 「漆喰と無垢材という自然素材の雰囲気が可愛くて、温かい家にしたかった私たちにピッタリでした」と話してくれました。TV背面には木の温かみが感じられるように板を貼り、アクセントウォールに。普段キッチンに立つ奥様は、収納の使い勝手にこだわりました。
..........
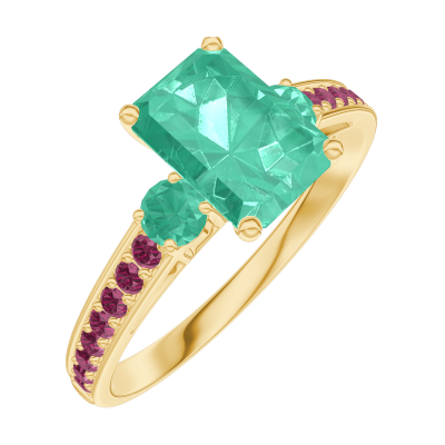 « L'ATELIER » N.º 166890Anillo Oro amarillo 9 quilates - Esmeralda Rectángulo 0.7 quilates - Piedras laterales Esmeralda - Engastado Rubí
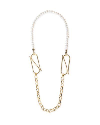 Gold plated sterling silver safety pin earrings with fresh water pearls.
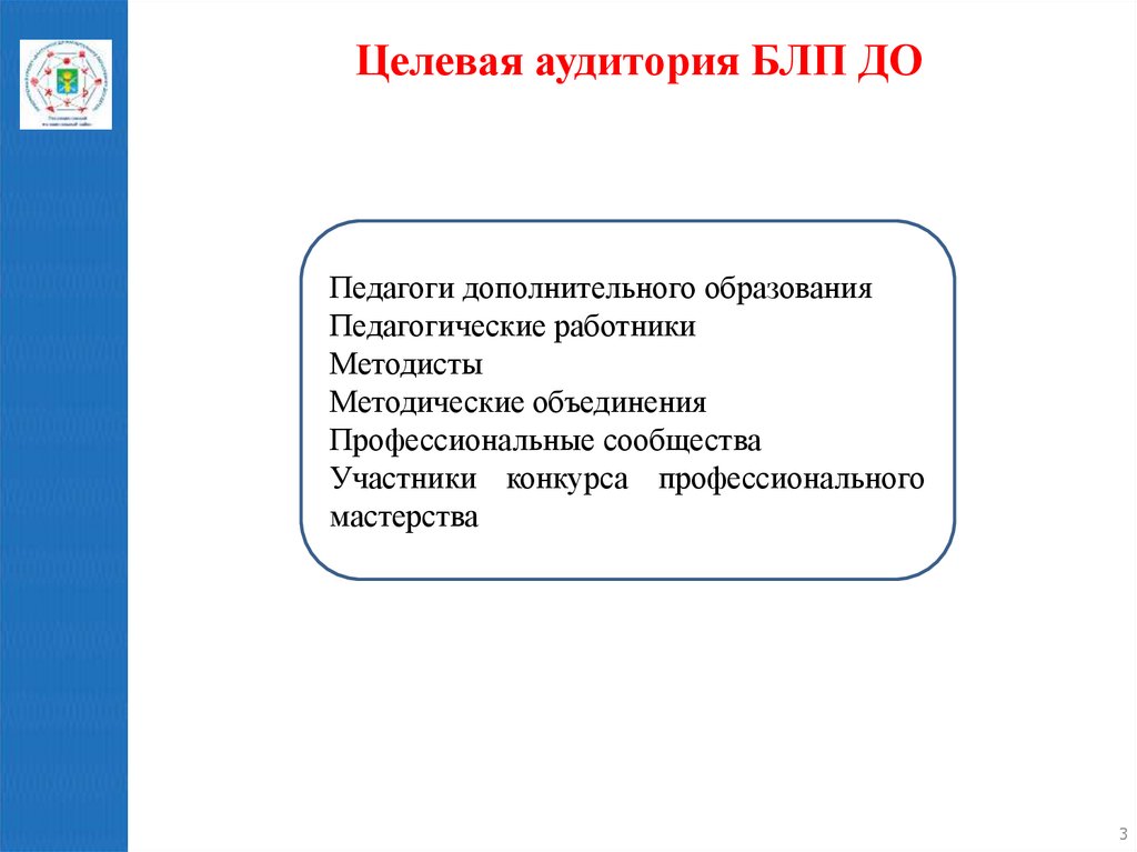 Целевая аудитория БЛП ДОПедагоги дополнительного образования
..........
** WHAT YOU WILL DO **
Taking the entries above, copy word for word the lines from the one with "Gold plated sterling" up to and including the one with "Целевая аудитория БЛП", without any picture.

** ANSWER TO THIS TASK **
 Gold plated sterling silver safety pin earrings with fresh water pearls.
 Целевая аудитория БЛП ДОПедагоги дополнительного образования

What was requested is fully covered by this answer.